– Ладно. Раз уж вы настаиваете. Не хотелось бы ставить Брайана в неловкое положение, но… Полагаю, Брайан сейчас с Андреа Уолшэм.
Значит, ее подозрения были верны.
– Понимаете, отчасти в этом виноват я, – продолжал мерзкий голос в трубке. – Когда мы с ним разговаривали, я упомянул об Андреа… о том, что он ей нравится. – Бродерик хихикнул, а Констанс подумала, что задушила бы негодяя, окажись он сейчас в пределах досягаемости.
– И что?
– Ну я намекнул, что он мог бы заняться ею. Проявить внимание. Так сказать, в интересах дела.
Констанс почувствовала, как холодеют пальцы.
– Когда он вернется, я передам, что вы звонили.
Она не знала, сколько времени просидела с трубкой в руке, глядя прямо перед собой и ничего не видя, неподвижная, как статуя, и такая же бесчувственная. Душа ее словно съёжилась и спряталась от стыда и отчаяния.
Потом Констанс положила трубку, села в кресло и стала ждать. Не для того, чтобы поругаться с Брайаном. Не для того, чтобы потребовать от него объяснений. Не для того, чтобы отомстить ему за унижение.
Она просто хотела посмотреть Брайану в глаза.
Ехали молча.
Андреа думала о чем-то своем и, наверное, не очень приятном, потому что та улыбка, с которой она вышла из номера, превратилась в сухую безрадостную гримасу, как превращается в жалкий сморщенный комочек провисевшее всю зиму на ветке яблоко.
Брайан думал о своем, то и дело поглядывая на часы. Перебрав и отбросив все варианты бегства, он вдруг представил, как будет чувствовать себя Джереми Уолшэм, когда узнает о намерении дочери обокрасть его.
«Ауди» приближалась к мостку через реку, когда Брайан положил руку на плечо Андреа.
– Остановите машину.
Она удивленно взглянула на него.
– Зачем?
– Мне нужно сказать вам кое-что.
– Только недолго, ладно?
Он кивнул.
– Хорошо. Слушайте меня внимательно, Андреа. С сегодняшнего вечера особняк вашего отца находится под охраной.
– Что? Кто…
– Не задавайте вопросов.
– Но…
– Помолчите, – жестко оборвал ее Брайан. – Итак, особняк охраняется. Каждый, кто попытается вынести из него что-либо или внести, будет задержан. Вы меня поняли?

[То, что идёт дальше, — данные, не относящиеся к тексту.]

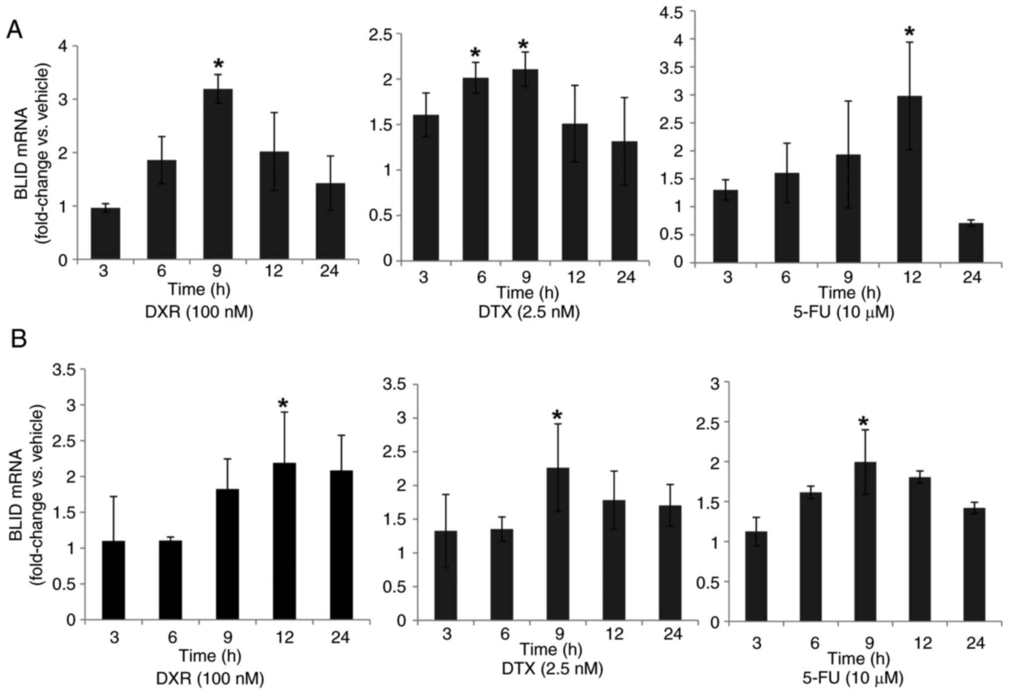 First, the effects of several drugs on endogenous BLID mRNA expression levels in breast cancer cells were assessed. The time-course and dose-response analyses revealed prolonged induction of BLID mRNA expression, albeit to varying extents, in MCF-7 and T47D breast cancer cells treated with DXR, DTX or 5-FU (Figs. 1, S1 and S2). Overall, a 2–3-fold maximal induction of BLID expression was observed with all three drugs in both cell lines. Similar observations were made in MCF-7 cells treated with PTX (Fig. S2). The BLID luciferase reporter activity was also increased 2-6-fold following DXR, PTX, DTX or Cis treatment (Fig. S3, Fig. S4, Fig. S5). Collectively, these results demonstrate that BLID expression was significantly induced in breast cancer cells in response to a wide range of chemotherapeutic drugs (P<0.05).

Ей хватило минуты, чтобы осмыслить услышанное. – Зачем вы это мне сказали?
Брайан пожал плечами, но не ответил.
Андреа покачала головой.
– Похоже, у нас с вами действительно ничего не получится, Брайан. По крайней мере, сейчас. Вас подвезти до отеля?
– Доберусь сам. – Он вышел и захлопнул дверцу.
Андреа опустила стекло.
– Эй. Я все-таки не ошиблась – вы хороший парень.

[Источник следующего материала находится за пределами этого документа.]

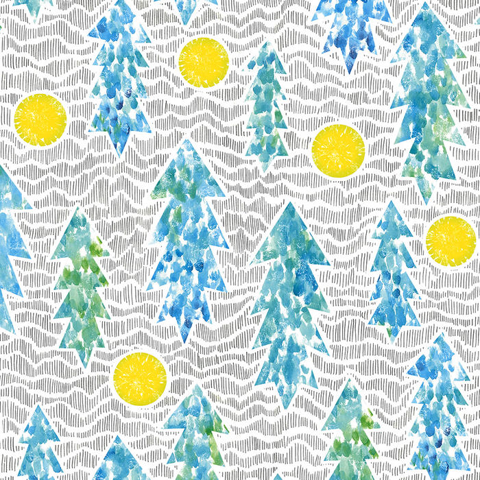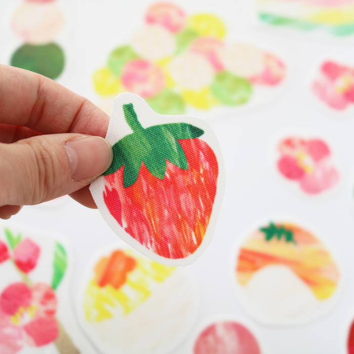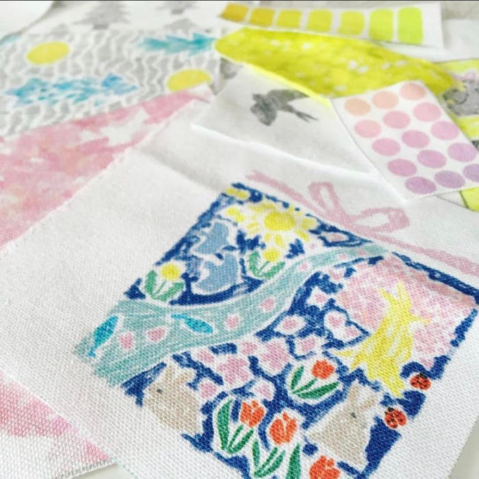 - 絵の具で画用紙に色をのせ、スキャンしてデータ化したものをパソコン上で切り抜き、ひとつの柄に仕上げています。手描きならではの独特の筆跡や濃淡が出るのが面白いところです。

Малкольм Кёнвуд мало походил на вора – в сером костюме, с незаметным галстуком и с черным портфелем в руке, он скорее смахивал на клерка, которым, собственно, и был.
Самым трудным для него было принять решение. Дальше он делал то, что делал всю свою жизнь: исполнял намеченную программу, переходя от пункта А к пункту Б, от Б к В и так далее. Свернуть копию. Положить ее в портфель. Положить туда же завернутые в полотенце инструменты и клей. Ключи. Фонарик. Резиновые перчатки.
Он посмотрел на часы. Половина девятого.
Пора.
В последний момент Андреа все-таки позвонила и сказала, что возьмет на себя Брайана Дорретти и отвлечет Констанс Эллингтон. Патрик Риордан, как обычно, уехал на уикенд. В особняке оставался один Уильямс, но справиться с ним не составляло труда. Нет, Малкольм Кёнвуд вовсе не собирался применять насилие. Он планировал обойтись мирными средствами. Но, на всякий случай взял с собой пистолет.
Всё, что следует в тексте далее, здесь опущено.